▶ **What this task involves**:
In the entries below, find the line with "Bruna Kostymbyxor i" and the line with "Step 1. While". Repeat exactly everything between them, those two lines included, but not the pictures.

▶ **Extracted information**:
════════════════
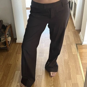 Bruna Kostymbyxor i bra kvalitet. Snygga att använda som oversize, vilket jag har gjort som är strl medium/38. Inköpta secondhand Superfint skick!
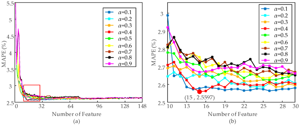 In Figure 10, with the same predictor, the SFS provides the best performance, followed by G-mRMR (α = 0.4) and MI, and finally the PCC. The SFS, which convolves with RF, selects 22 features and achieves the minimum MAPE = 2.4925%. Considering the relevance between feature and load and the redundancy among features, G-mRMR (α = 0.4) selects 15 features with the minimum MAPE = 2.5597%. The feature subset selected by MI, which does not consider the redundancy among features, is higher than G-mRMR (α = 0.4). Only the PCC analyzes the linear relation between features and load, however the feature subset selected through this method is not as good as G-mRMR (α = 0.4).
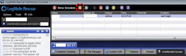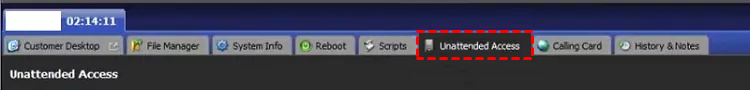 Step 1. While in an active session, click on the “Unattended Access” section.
════════════════
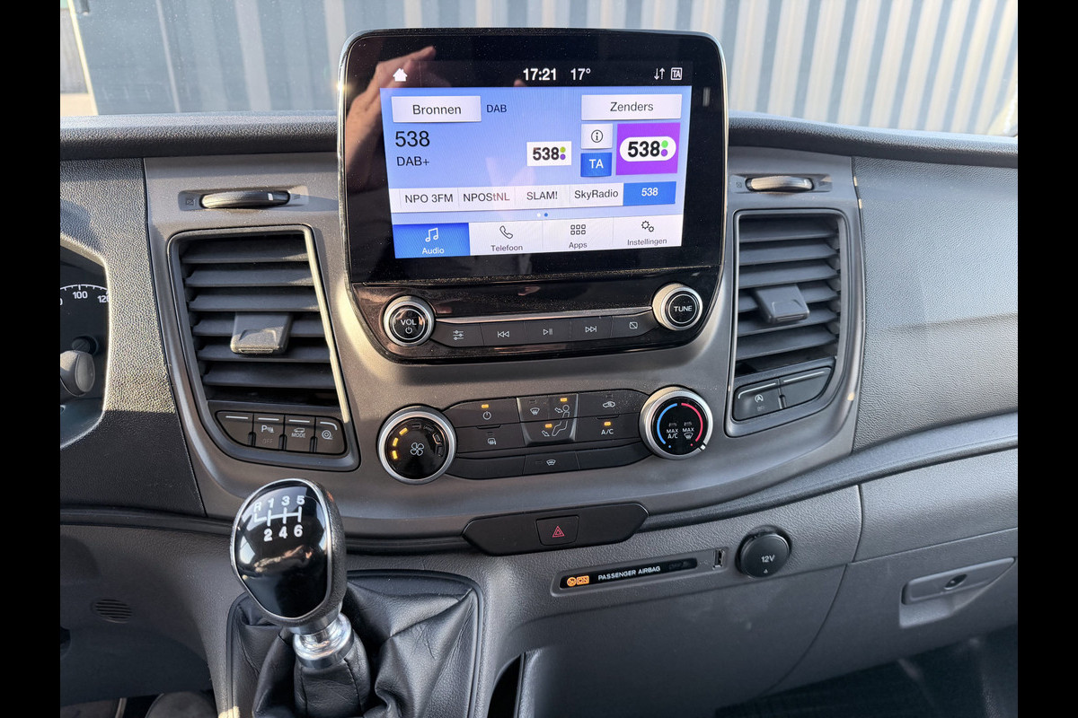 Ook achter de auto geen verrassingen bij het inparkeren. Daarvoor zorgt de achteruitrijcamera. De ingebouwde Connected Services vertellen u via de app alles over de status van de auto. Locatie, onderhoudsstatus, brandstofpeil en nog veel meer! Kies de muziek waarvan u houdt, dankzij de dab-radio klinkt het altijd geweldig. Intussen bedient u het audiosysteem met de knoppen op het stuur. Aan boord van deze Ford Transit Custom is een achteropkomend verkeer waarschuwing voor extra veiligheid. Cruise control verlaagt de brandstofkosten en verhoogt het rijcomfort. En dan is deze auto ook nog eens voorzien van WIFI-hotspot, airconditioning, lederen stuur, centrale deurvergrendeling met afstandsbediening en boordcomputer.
════════════════
▶ **Result**:
 Bruna Kostymbyxor i bra kvalitet. Snygga att använda som oversize, vilket jag har gjort som är strl medium/38. Inköpta secondhand Superfint skick!
 In Figure 10, with the same predictor, the SFS provides the best performance, followed by G-mRMR (α = 0.4) and MI, and finally the PCC. The SFS, which convolves with RF, selects 22 features and achieves the minimum MAPE = 2.4925%. Considering the relevance between feature and load and the redundancy among features, G-mRMR (α = 0.4) selects 15 features with the minimum MAPE = 2.5597%. The feature subset selected by MI, which does not consider the redundancy among features, is higher than G-mRMR (α = 0.4). Only the PCC analyzes the linear relation between features and load, however the feature subset selected through this method is not as good as G-mRMR (α = 0.4).
 Step 1. While in an active session, click on the “Unattended Access” section.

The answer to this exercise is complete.